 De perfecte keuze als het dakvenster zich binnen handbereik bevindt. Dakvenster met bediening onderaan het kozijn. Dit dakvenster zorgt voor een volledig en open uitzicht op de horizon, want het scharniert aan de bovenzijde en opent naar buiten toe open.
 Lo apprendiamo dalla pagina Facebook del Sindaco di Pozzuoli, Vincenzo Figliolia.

------------------------

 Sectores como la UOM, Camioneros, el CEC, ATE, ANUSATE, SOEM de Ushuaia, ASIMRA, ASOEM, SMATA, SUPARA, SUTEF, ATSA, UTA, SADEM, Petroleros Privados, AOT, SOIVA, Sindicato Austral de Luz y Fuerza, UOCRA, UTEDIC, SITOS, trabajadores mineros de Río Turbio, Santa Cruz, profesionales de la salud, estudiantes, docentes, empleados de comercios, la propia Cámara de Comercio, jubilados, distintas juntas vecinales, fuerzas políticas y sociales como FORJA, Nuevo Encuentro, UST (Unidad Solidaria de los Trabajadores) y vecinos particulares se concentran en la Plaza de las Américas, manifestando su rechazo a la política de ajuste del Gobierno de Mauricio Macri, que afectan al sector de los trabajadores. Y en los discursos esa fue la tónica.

------------------------

Here the job is to set down exactly the lines of the material above that fall between the one with "De perfecte keuze" and the one with "Lo apprendiamo dalla", inclusive, and nothing beyond them.

Solution to this problem:
 De perfecte keuze als het dakvenster zich binnen handbereik bevindt. Dakvenster met bediening onderaan het kozijn. Dit dakvenster zorgt voor een volledig en open uitzicht op de horizon, want het scharniert aan de bovenzijde en opent naar buiten toe open.
 Lo apprendiamo dalla pagina Facebook del Sindaco di Pozzuoli, Vincenzo Figliolia.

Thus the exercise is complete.